EXERCISE OBJECTIVE. Write out exactly the lines below that run from the one containing "Ce brûleur de" through the one containing "In summary, the", both included, with no other lines.

LISTED RECORDS.
-------------------------
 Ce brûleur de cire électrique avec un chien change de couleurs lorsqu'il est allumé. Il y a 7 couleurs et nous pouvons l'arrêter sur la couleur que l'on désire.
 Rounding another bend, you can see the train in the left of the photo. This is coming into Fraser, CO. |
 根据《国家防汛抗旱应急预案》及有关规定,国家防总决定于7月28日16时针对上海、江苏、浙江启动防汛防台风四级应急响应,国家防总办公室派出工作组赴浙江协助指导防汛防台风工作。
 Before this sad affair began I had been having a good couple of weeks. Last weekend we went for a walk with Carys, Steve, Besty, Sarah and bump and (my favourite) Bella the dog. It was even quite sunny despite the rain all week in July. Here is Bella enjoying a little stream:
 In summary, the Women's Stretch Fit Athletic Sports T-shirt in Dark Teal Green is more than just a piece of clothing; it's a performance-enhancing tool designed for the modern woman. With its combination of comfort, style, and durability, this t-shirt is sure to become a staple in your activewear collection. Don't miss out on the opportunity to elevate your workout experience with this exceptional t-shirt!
-------------------------
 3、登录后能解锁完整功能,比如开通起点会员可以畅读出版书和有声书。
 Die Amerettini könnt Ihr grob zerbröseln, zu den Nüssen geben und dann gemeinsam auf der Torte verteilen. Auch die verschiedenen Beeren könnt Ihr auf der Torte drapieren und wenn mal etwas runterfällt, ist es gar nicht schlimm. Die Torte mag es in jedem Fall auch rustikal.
-------------------------
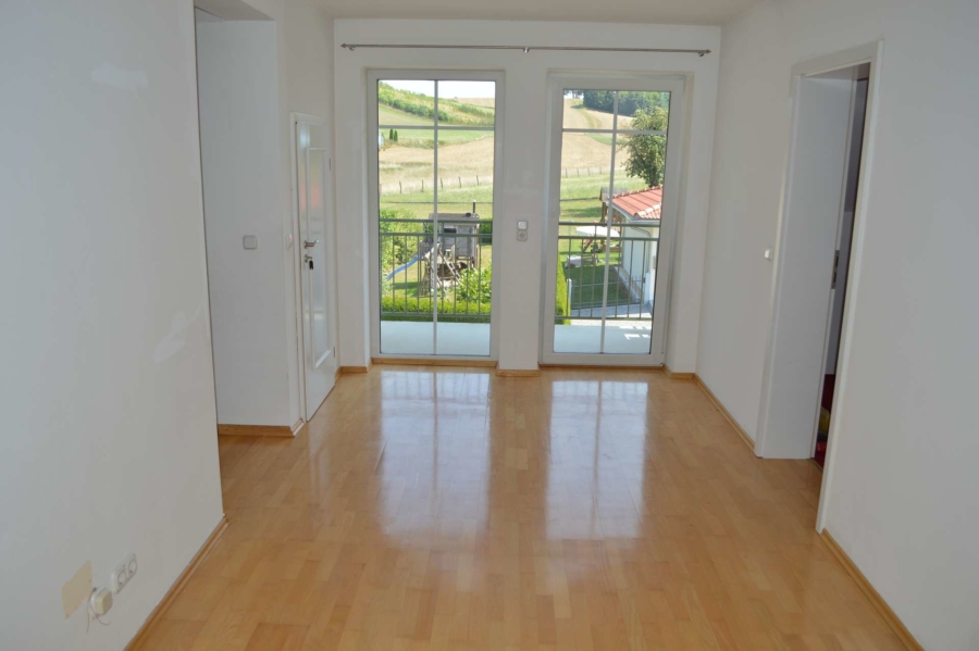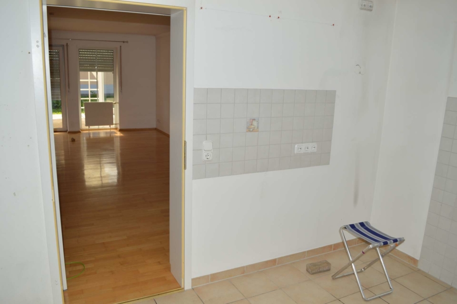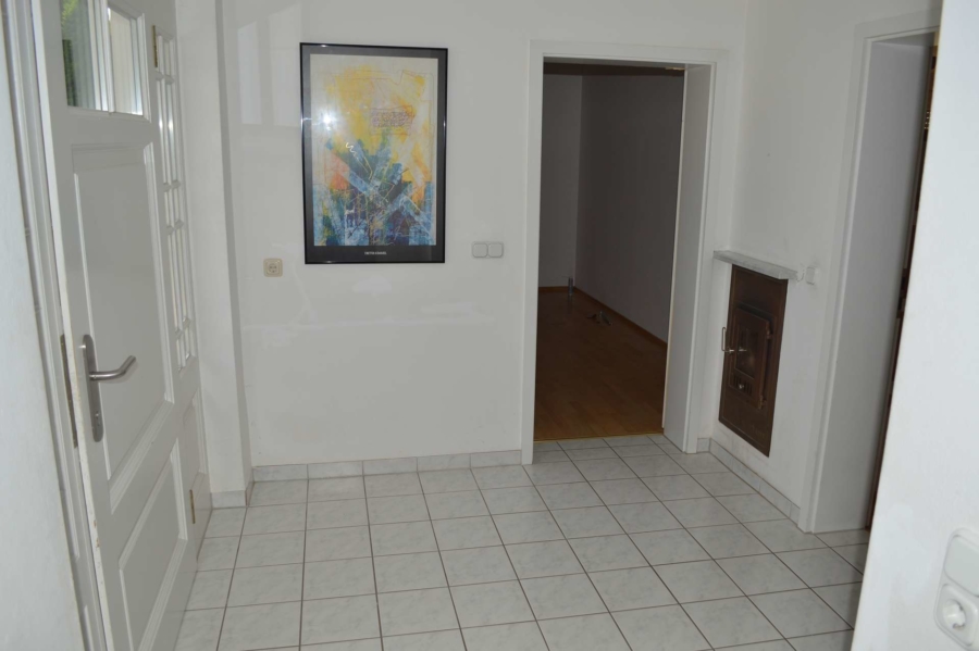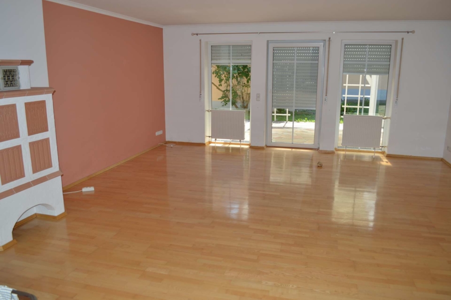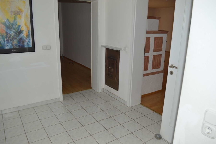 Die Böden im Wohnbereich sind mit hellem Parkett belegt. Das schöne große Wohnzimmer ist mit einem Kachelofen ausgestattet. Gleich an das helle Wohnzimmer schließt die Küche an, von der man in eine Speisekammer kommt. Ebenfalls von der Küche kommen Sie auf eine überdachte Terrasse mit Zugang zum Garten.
-------------------------
TASK ANSWER.
 Ce brûleur de cire électrique avec un chien change de couleurs lorsqu'il est allumé. Il y a 7 couleurs et nous pouvons l'arrêter sur la couleur que l'on désire.
 Rounding another bend, you can see the train in the left of the photo. This is coming into Fraser, CO. |
 根据《国家防汛抗旱应急预案》及有关规定,国家防总决定于7月28日16时针对上海、江苏、浙江启动防汛防台风四级应急响应,国家防总办公室派出工作组赴浙江协助指导防汛防台风工作。
 Before this sad affair began I had been having a good couple of weeks. Last weekend we went for a walk with Carys, Steve, Besty, Sarah and bump and (my favourite) Bella the dog. It was even quite sunny despite the rain all week in July. Here is Bella enjoying a little stream:
 In summary, the Women's Stretch Fit Athletic Sports T-shirt in Dark Teal Green is more than just a piece of clothing; it's a performance-enhancing tool designed for the modern woman. With its combination of comfort, style, and durability, this t-shirt is sure to become a staple in your activewear collection. Don't miss out on the opportunity to elevate your workout experience with this exceptional t-shirt!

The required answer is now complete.